Thomas Blanton Jr. is lead out of the courtroom in handcuffs

The words rose and fell over the courtroom, hard to make out, yet clear enough at times to send looks of chilled surprise among the spellbound spectators: "...nigger...bomb...mother-f----' church... .bomb...plan...bomb...''

The voice was that of Thomas E. Blanton, Jr., secretly recorded in the mid-1960s by a Ku Klux Klan buddy turned informant for the FBI, and the tapes helped convince jurors after just three hours of deliberation to convict Blanton, now 62, of the 1963 bombing that killed four young girls at the city's Sixteenth Street Baptist Church.

Addie Mae Collins, Carole Robertson and Cynthia Wesley, all 14, and Denise McNair, 11, were killed in a bomb explosion on the morning of Sept. 15, 1963, an act that horrified the nation and helped lead to passage of a landmark civil rights bill.

The trial took place 38 years after the fact, but U.S. Attorney Doug Jones argued that was irrelevant: "It's never too late for the truth to be told, it's never to late for wounds to heal, it's never too late for a man to be held accountable for his crimes." In his closing arguments, Jones showed jurors videos of taped statements Blanton made in 1964 and 1965. Blanton has always denied knowledge of the bombing, but had been evasive when the FBI asked him about his whereabouts on the night of Sept. 14, 1963, when agents believe the bomb was placed at the church.

"He remembers everything about that day," Jones said. "But when it comes to that night, he gets fuzzy." Blanton's alibis shifted from his being in various restaurants to simply driving around Birmingham. The state contended that Blanton met with other Klansmen Sept. 13 under a bridge on the Cahaba River and made the bomb that detonated at the church. The jury, composed of eight white women, three black women and one black man, agreed, and gave Blanton four life sentences.

News of the verdict swept through the city. Dale Short, a free-lance writer who has been covering the trial, had left and stopped by a liquor store. "They had the TV on and it came on and the people started calling out in jubilation," he said. "'He's been charged,' one of them said. And I said, 'You mean convicted?' And they said yeah, convicted."

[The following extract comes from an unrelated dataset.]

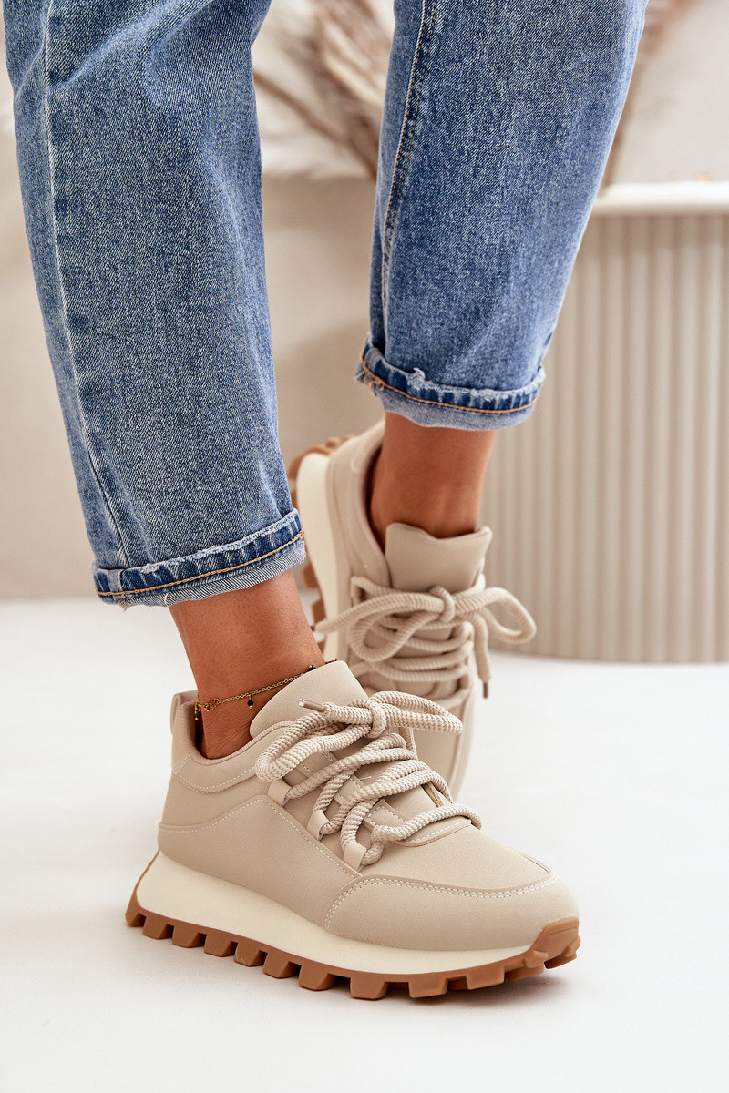 Zapatillas deportivas modelo Sneakers con plataforma de cuero sintético color arena Riadella

The damning audio tapes were made by Mitchell Burns, who in 1965 was 35. Now 74, he is a slim, silver-haired man with glasses and a crusty sense of humor. In 1964 he let the FBI plant a tape recorder in his 1956 Chevrolet after an agent showed him a picture of the dead girls. "It was the most horrible thing I ever seen," he said, voice quivering. He later referred to Blanton as "a punk."

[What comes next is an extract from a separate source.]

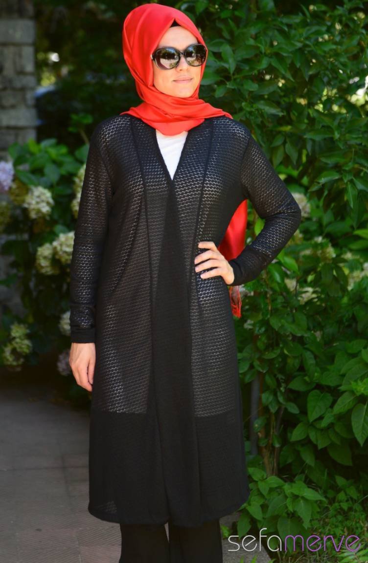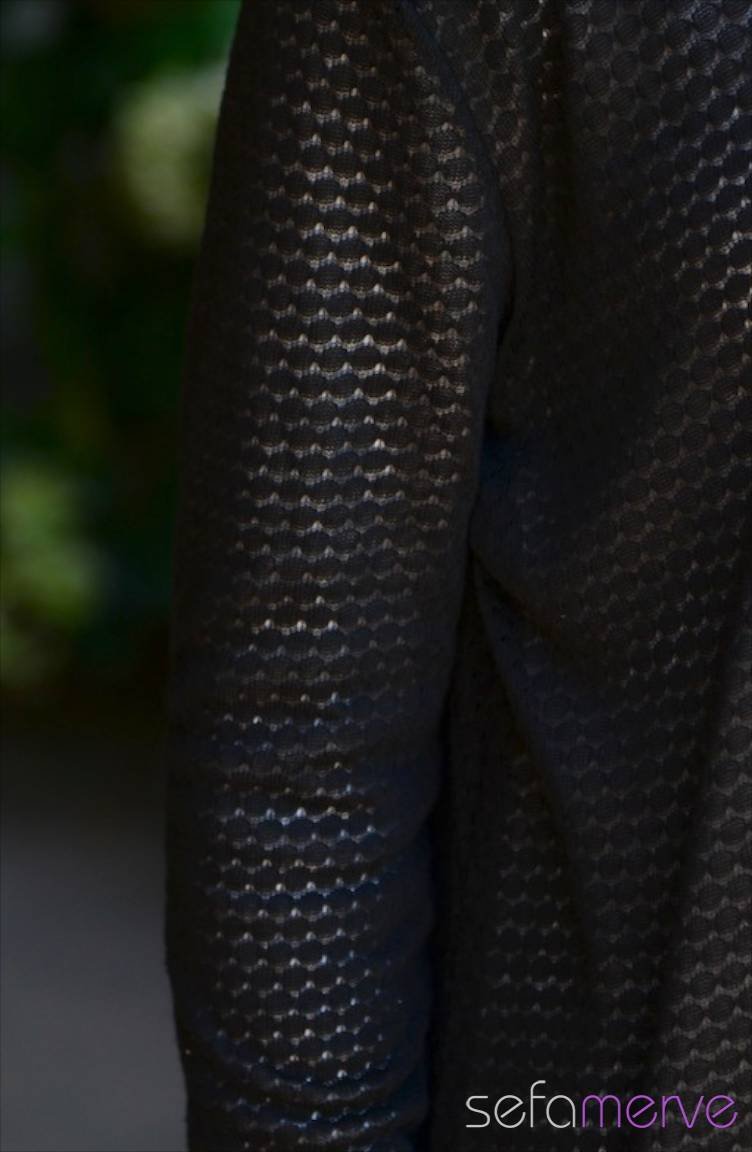 Siyah renktedir. Triko. Sade. Astarsız. Standart.

On the tapes, Blanton boasts, "I was on the corner watching the big blast." As he listened in the Birmingham courtroom to the nearly four-decades-old recording, Burns removed his glasses and wiped at his eyes.

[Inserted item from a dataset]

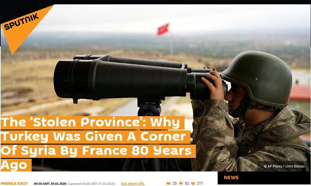 وذكرت صحيفة "زمان" التركية المعارضة أن تقرير "سبوتنيك" الذي حمل عنوانه سؤالا "لماذا منحت فرنسا تركيا هذا الجزء من سوريا قبل 80 عاما؟"، أثار موجة من الجدل حول سيادة تركيا على ولاية هطاي الحدودية مع سوريا، "في ظل حديث عن أطماع أنقرة لضم إدلب إلى أراضيها".

Burns said that Blanton liked to return to the scene of the bombing. In one case, as they drove by the church, Blanton is heard saying, "They ain't going to catch me when I bomb my next church."

Laughter. Then Burns says, "How'd you do that?"

"It wasn't easy, I tell you."

Will the conviction bring an end to the nightmarish memory that has haunted Birmingham all these years? Willoughby Anderson, 22, a Harvard graduate from Birmingham who wrote a thesis on the church bombing, isn't sure. "I don't think justice is possible after 38 years," she says. "But I think this is important for Birmingham just to be talking about this painful and embarrassing moment of our history."

However, the Rev. Abraham Lincoln Woods, president of the Birmingham chapter of the Southern Christian Leadership Conference, was more positive about the result. "It makes a statement around the nation and the world. If a guilty person can go without being brought to justice it means that the life of a black is not as valuable as a white."